Re-elected for Beverley in 1713, Hotham voted on 18 Mar. 1714 against the expulsion of Richard Steele. Hotham was granted a month’s leave of absence on 21 May. He was noted as a Whig in the Worsley list and in two later lists, which compared the 1715 Parliament with its predecessor. After the Hanoverian succession he raised a new regiment of foot, which saw action during the Jacobite rising in 1715, when Hotham reported from Newcastle that ‘the greater part of the inhabitants are in the Pretender’s interest’. His army career prospered steadily thereafter, the value of his rentals increased, and he built a magnificent house for himself at Beverley at a cost of £7,000. He died on 8 Jan. 1723, and was buried on the 20th at South Dalton. By his will Hotham’s principal heir was his eldest son, Charles, who was sole executor. The will specified that ‘whereas I have already given my younger son Beaumont Hotham his future, I recommend him to the care and kindness of my eldest son’. Hotham also made provision for a marriage portion of £2,500 for his daughter Philippa. A similar provision was made for his youngest daughter Charlotte, with a £2,000 portion. He also left £20 to the poor of Beverley.13

Ref Volumes: 1690-1715

Authors: Eveline Cruickshanks / Ivar McGrath

Notes

  • 1. Dugdale’s Vis. Yorks. ed. Clay, iii. 263–4; P. Roebuck, Yorks. Baronets 1640–1760, p. 80.

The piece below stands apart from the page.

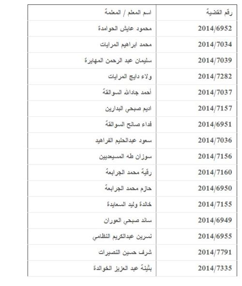 وقد أفاد محمد عسكر مسؤول الشؤون القانونية في النقابة أن هناك دفعات أخرى ستصدر قريبا بعد ان يصدر بها حكما قطعيا من المحكمة ، وستعمل النقابة على إصدار قوائم بأسمائهم تباعا ، كما وأكد أن على المعلمين والمعلمات الواردة اسمائهم بالدفعة الأولى مراجعة فرع النقابة في الطفيلة اعتبارا من يوم اﻻحد 3/5/ 2015م من اجل استكمال بقية الإجراءات.

  • 2. Boyer, Anne Annals, iv. 9; ix. 415; Boyer, Pol. State, iv. 68, 70; Roebuck, 77.
  • 3. Roebuck, 77.
  • 4. A. M. W. Stirling, The Hothams, 117–25; Roebuck, 72–76, 79.

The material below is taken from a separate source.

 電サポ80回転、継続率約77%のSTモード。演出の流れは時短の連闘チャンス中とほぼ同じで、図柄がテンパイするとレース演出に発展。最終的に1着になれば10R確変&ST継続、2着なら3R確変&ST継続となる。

  • 5. A. Rowntree, Scarborough, 97; CSP Dom. 1698, p. 34.
  • 6. Hull Univ. Lib. Hotham mss DDHO/13/4, Hotham to [Warton], 30 Aug. 1698; Bosville mss DDBM/32/2, Hotham to Bridget Bosville, 31 Aug. 1700; Vernon–Shrewsbury Letters, ii. 259; Cocks Diary, 37.

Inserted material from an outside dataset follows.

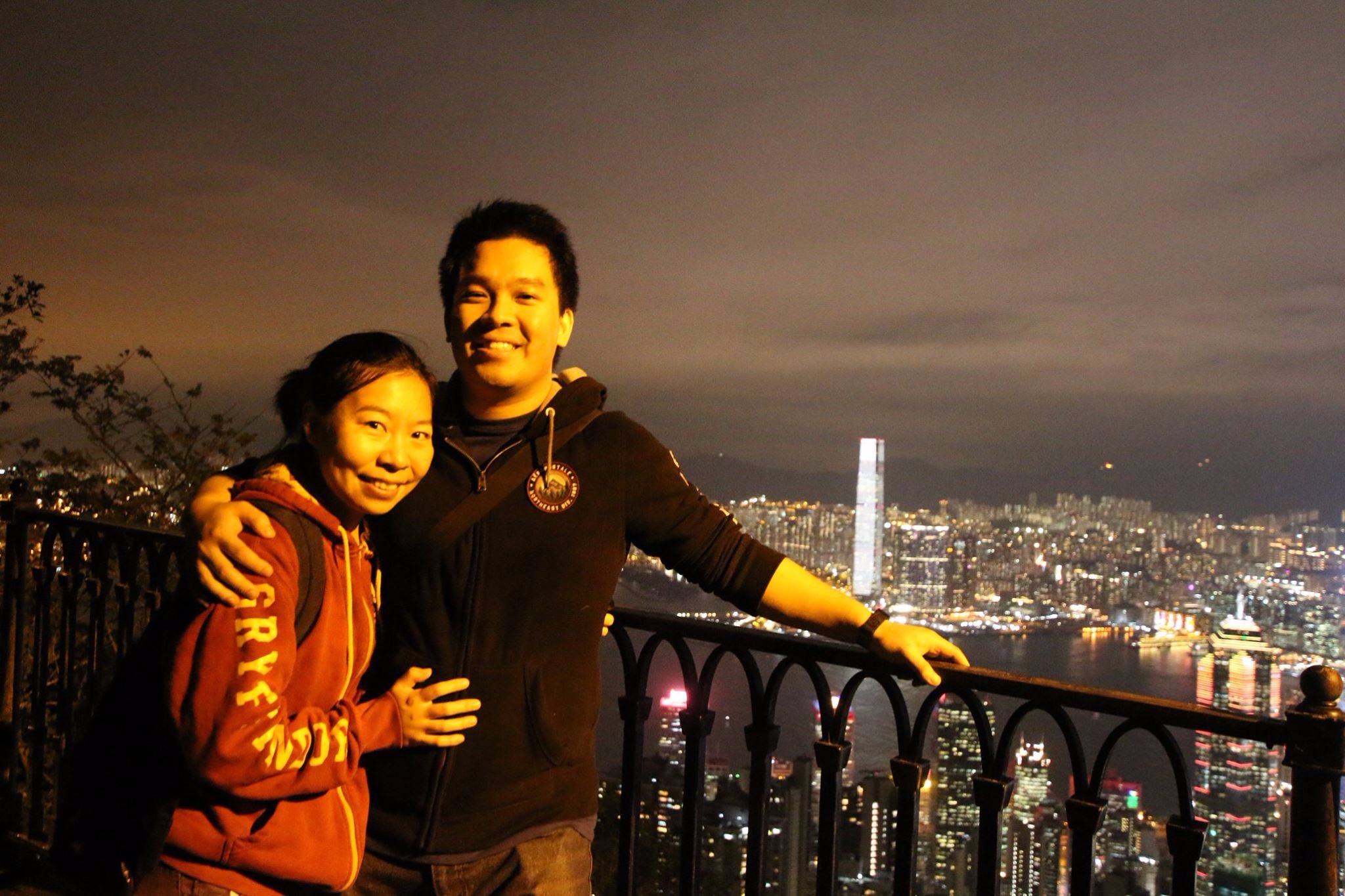 经过了陡峭的Central Green Trail和Barker Road,历时一个半小时,我们终于爬到了山顶。不出意料,我的狗仔已经阵亡,只能坐在椅子上等我给去给他买佳得乐。经过再三鼓励后,狗仔终于同意和我再走二十分钟平路去另一侧的卢吉道观景台。观景台上看到中环大楼亮起的弥红灯衬着璀璨的维多利亚港,感觉不旺爬上来的陡峭山路。

  • 7. Cocks Diary, 90; Yorks. Arch. Soc. Copley mss DD38 Box H–J, poll for election of commrs. of accts. [1701]; Speck thesis, 188; W. Yorks. Archs. (Leeds), Temple Newsam mss TN/C9/72, Hotham to Irwin, 28 Aug., 23 Sept., 13, 22 Nov. 1701; HMC Var. viii. 84–85.
  • 8. Add. 70501, f. 43; HMC Portland, ii. 182; Hotham mss, DDHO/13/4, Newcastle to Hotham, 7 Jan. 1702; W. A. Speck, Birth of Britain, 30; Cocks Diary, 197.
  • 9. Roebuck, 76.
  • 10. Ibid. 75, 79, 81; Boyer, Anne Annals, iv. 9; Verney Letters 18th Cent. i. 265; Bull. IHR, xxxvii. 20, 28, 32; Cam. Misc. xxiii. 52.
  • 11. Boyer, v. 309; vi. 25; HMC Portland, iv. 324; HMC Lords, n.s. vii. 449; Roebuck, 78.
  • 12. Centre Kentish Stud. Stanhope mss U1590/0139/33, Horatio Walpole II* to Stanhope, 26 June 1709 N.S., Craggs to same, 11 Nov., 9, 23 Dec. 1709; G. Holmes, Pol. in Age of Anne, 128; HMC Portland, iv. 575; Roebuck, 77–80; Boyer, Pol. State, iv. 70; HMC Lords, n.s. x. 48.
  • 13. Roebuck, 77, 81; Stowe 748, f. 108; Borthwick Inst. York, wills, Prerog. ct. Feb. 1723.